» **What you will do**
The finished copy should hold every entry exactly as given, and no pictures.

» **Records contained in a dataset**
______
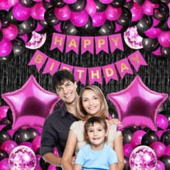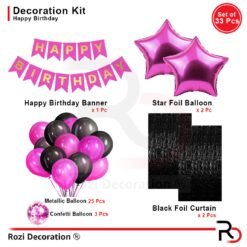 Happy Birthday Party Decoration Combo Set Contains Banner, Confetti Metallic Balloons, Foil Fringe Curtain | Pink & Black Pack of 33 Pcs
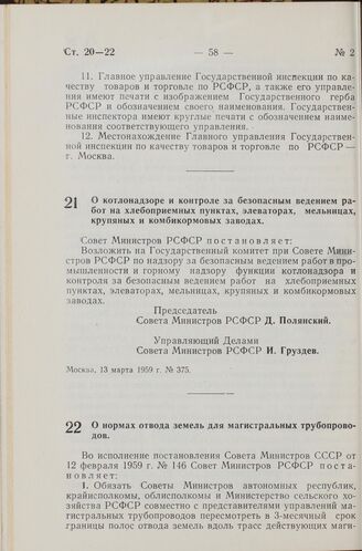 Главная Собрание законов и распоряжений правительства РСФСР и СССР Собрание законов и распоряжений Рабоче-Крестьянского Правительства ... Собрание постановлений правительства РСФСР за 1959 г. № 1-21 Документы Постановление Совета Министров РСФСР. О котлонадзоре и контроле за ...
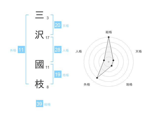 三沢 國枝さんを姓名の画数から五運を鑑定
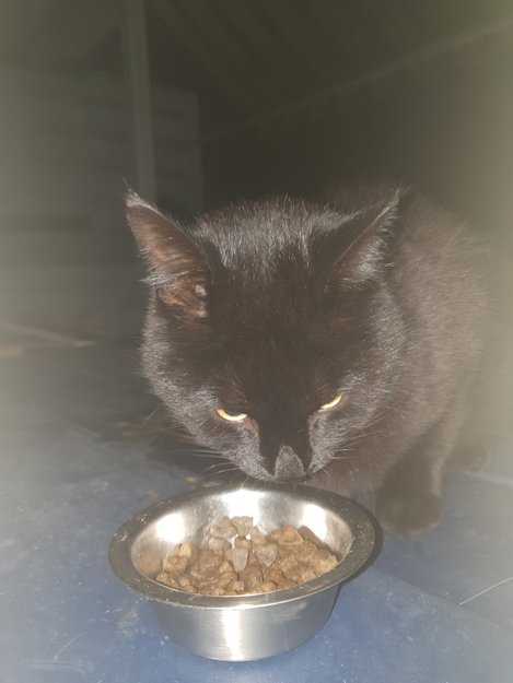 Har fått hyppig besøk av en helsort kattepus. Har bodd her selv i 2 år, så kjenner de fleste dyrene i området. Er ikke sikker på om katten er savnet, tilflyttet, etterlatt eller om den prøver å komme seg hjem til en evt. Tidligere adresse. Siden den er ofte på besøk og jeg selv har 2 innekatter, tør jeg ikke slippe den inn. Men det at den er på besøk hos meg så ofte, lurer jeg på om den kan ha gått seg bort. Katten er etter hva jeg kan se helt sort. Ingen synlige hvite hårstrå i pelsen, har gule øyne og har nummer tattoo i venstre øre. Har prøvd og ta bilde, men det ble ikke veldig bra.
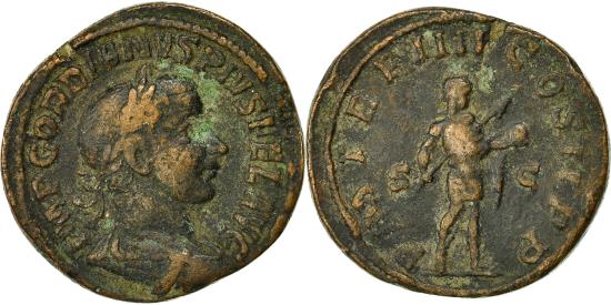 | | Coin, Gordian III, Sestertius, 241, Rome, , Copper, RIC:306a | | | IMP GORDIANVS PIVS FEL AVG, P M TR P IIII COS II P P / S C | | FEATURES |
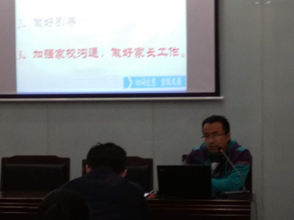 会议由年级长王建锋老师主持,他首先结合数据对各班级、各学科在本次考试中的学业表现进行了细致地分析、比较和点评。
______
» **Written response**
 Happy Birthday Party Decoration Combo Set Contains Banner, Confetti Metallic Balloons, Foil Fringe Curtain | Pink & Black Pack of 33 Pcs
 Главная Собрание законов и распоряжений правительства РСФСР и СССР Собрание законов и распоряжений Рабоче-Крестьянского Правительства ... Собрание постановлений правительства РСФСР за 1959 г. № 1-21 Документы Постановление Совета Министров РСФСР. О котлонадзоре и контроле за ...
 三沢 國枝さんを姓名の画数から五運を鑑定
 Har fått hyppig besøk av en helsort kattepus. Har bodd her selv i 2 år, så kjenner de fleste dyrene i området. Er ikke sikker på om katten er savnet, tilflyttet, etterlatt eller om den prøver å komme seg hjem til en evt. Tidligere adresse. Siden den er ofte på besøk og jeg selv har 2 innekatter, tør jeg ikke slippe den inn. Men det at den er på besøk hos meg så ofte, lurer jeg på om den kan ha gått seg bort. Katten er etter hva jeg kan se helt sort. Ingen synlige hvite hårstrå i pelsen, har gule øyne og har nummer tattoo i venstre øre. Har prøvd og ta bilde, men det ble ikke veldig bra.
 | | Coin, Gordian III, Sestertius, 241, Rome, , Copper, RIC:306a | | | IMP GORDIANVS PIVS FEL AVG, P M TR P IIII COS II P P / S C | | FEATURES |
 会议由年级长王建锋老师主持,他首先结合数据对各班级、各学科在本次考试中的学业表现进行了细致地分析、比较和点评。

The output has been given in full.